J’ai rencontré l’équipe de GuesttoGuest au mois d’août passé et elle m’a donné ma chance. En considérant la façon dont j’ai été accueilli et intégré dans l’équipe, en considérant les valeurs qui y sont promues (des valeurs cardinales telles que la confiance, l’hospitalité, la bienveillance, la liberté…, tout ce qui résume en fait l’esprit d’ouverture vécu dans l’entreprise), en considérant tout cela , j’ai mené la réflexion suivante: l’épreuve de la patience et de la persévérance me réservait ce qu’il y avait de meilleur pour moi, ce qui correspondait le mieux à mes aspirations personnelles. Et j’ai pensé aux orpailleurs de mon pays qui passent des heures et des heures à retourner, sans se décourager, des tonnes de terres, pour trouver la pépite.

Cela fait bientôt 6 mois que je suis à GuesttoGuest. J’ai été très bien intégré à toute l’équipe, et plus particulièrement à l’équipe des développeurs. C’est une équipe de jeunes très dynamiques, et surtout très ouverts d’esprits, toujours disponibles et accueillants ; ce qui m’a aidé beaucoup pour mon intégration. J’ai pris pleinement ma place au sein de l’équipe en tant que développeur junior, et je l’assume avec beaucoup de joie et de sérénité. J’aime bien les valeurs défendues et vécues dans l’entreprise, j’aime bien ces moments de convivialité et d’hilarité où on se lance des fléchettes avec les nerfs… j’aime en un mot l’esprit du vivre ensemble familial que tous essaient de promouvoir au jour le jour.
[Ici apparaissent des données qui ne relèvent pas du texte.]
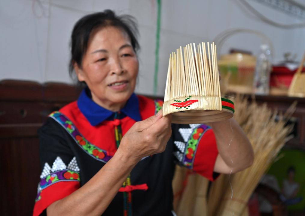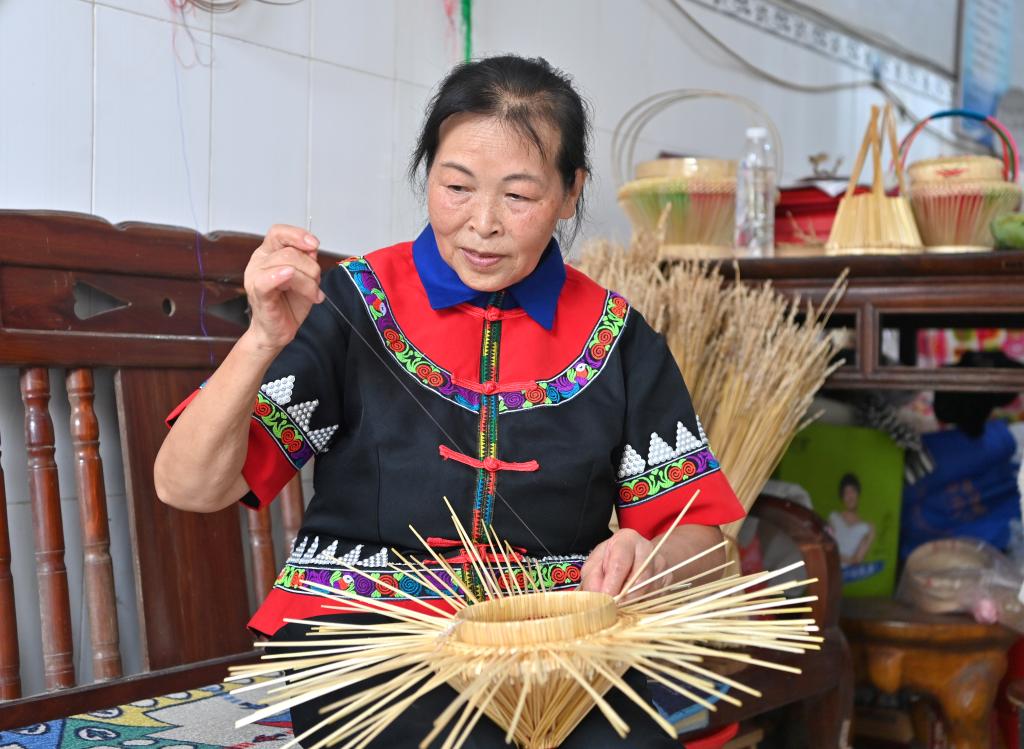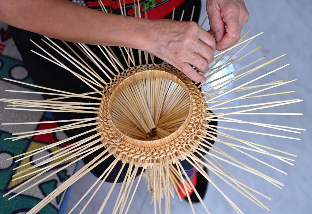 72歲的廣西百色市田陽區巴別鄉三坡村村民梁秀群是廣西壯族自治區級麥稈花籃編織技藝非物質文化遺產傳承人
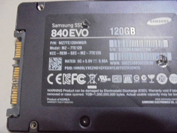 【處理接口】SAMSUNG三星840 EVO→120GB為開機SSD硬碟~清理PC電源供應器時SATA電源接口突然燒焦變黑→SATA電源15Pin接座焦黑~要修好SSD救出桌面報價檔案→客戶以夾鏈袋裝好SSD硬碟送修~臺北市涼州街-王先生【SSD背面有原價屋購買標籤】

Pour terminer, je reprendrai tout simplement mon exhortation du début ; ce n’est pas une recette miracle ; dans le domaine il n’y en a pas. Chaque parcours et chaque aventure restent uniques. Mais j’estime qu’en tant qu’aventure humaine dans laquelle on se construit continuellement, on ne peut la réussir qu’en conjuguant confiance en soi, persévérance et courage.

Le parcours d’Aimé a été initialement présenté lors de l’événement Place à l’Emploi qui s’est tenu le vendredi 2 décembre 2016 dans les locaux de GuesttoGuest.